Copy the records below exactly, starting at the line that contains "SDM Dental College, Dharwad, India, showing" and ending at the line that contains "483 Cape May"; leave out any pictures.

__Exercise data__.
-----
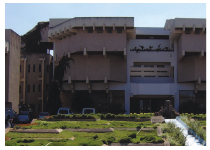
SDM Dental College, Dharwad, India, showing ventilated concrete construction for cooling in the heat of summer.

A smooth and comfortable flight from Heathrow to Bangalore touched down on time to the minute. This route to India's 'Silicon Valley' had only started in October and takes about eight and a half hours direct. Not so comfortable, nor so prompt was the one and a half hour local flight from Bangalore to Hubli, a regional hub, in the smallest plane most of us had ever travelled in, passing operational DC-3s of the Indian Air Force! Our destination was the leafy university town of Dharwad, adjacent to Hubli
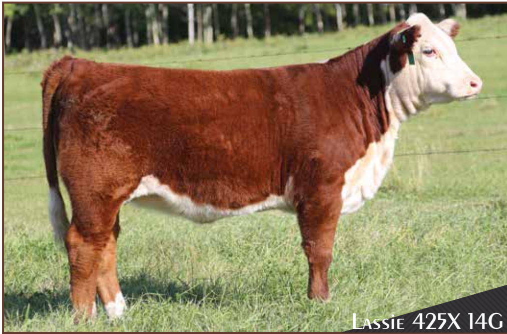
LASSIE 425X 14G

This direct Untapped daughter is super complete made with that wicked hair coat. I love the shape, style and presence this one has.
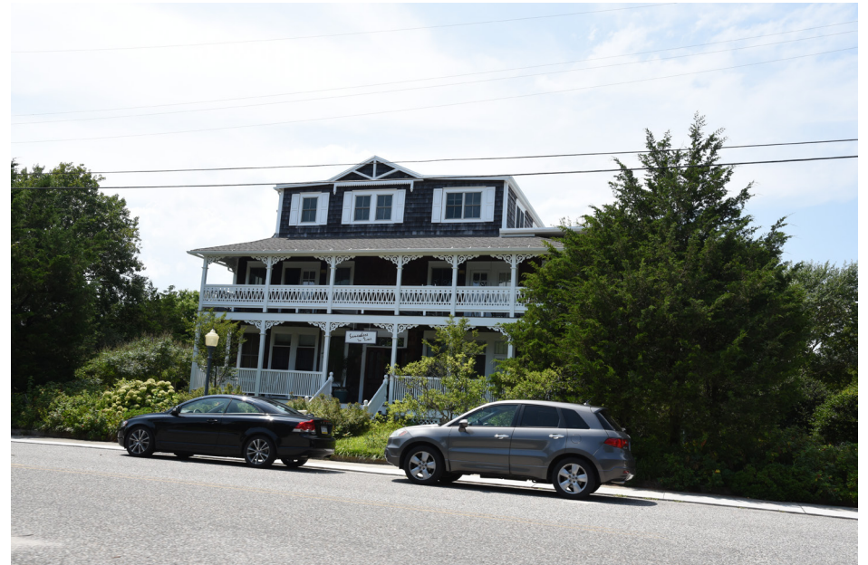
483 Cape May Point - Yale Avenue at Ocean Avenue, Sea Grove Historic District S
-----
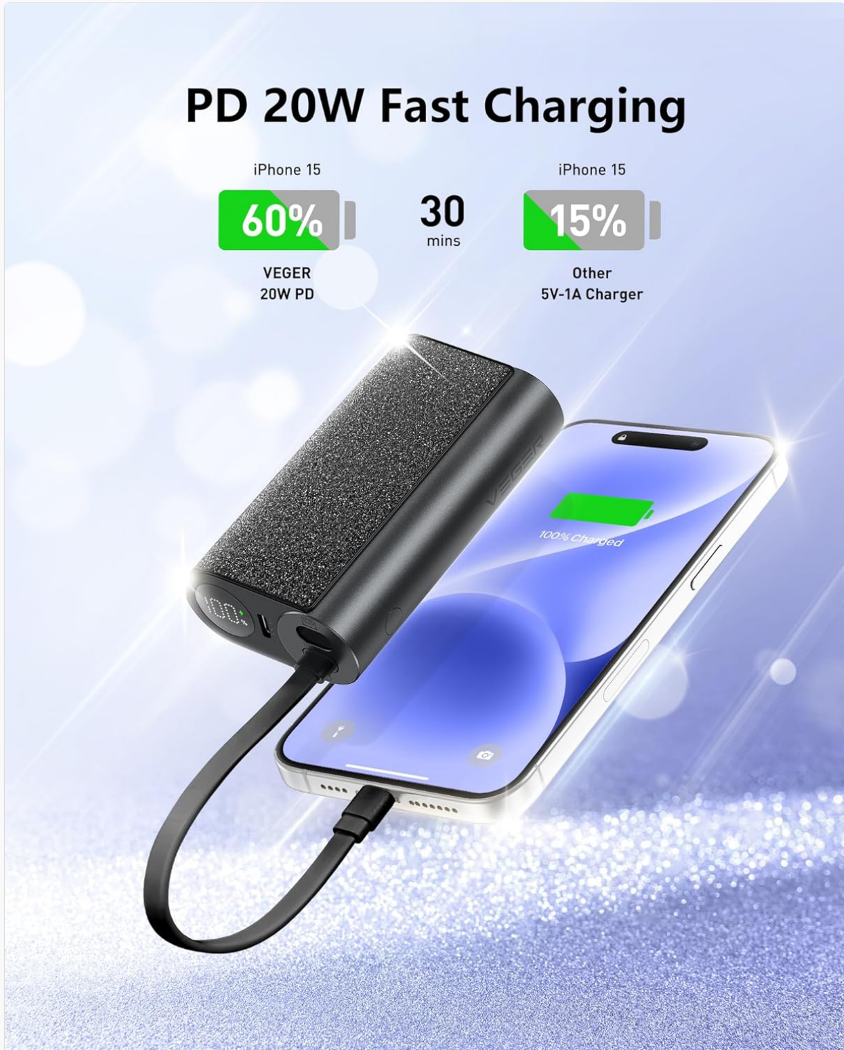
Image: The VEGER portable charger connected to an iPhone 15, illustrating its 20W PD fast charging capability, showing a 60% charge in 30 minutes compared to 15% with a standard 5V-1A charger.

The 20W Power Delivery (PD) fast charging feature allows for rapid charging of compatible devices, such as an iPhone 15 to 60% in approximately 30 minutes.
-----
__Solution to the exercise__.
SDM Dental College, Dharwad, India, showing ventilated concrete construction for cooling in the heat of summer.

A smooth and comfortable flight from Heathrow to Bangalore touched down on time to the minute. This route to India's 'Silicon Valley' had only started in October and takes about eight and a half hours direct. Not so comfortable, nor so prompt was the one and a half hour local flight from Bangalore to Hubli, a regional hub, in the smallest plane most of us had ever travelled in, passing operational DC-3s of the Indian Air Force! Our destination was the leafy university town of Dharwad, adjacent to Hubli
LASSIE 425X 14G

This direct Untapped daughter is super complete made with that wicked hair coat. I love the shape, style and presence this one has.
483 Cape May Point - Yale Avenue at Ocean Avenue, Sea Grove Historic District S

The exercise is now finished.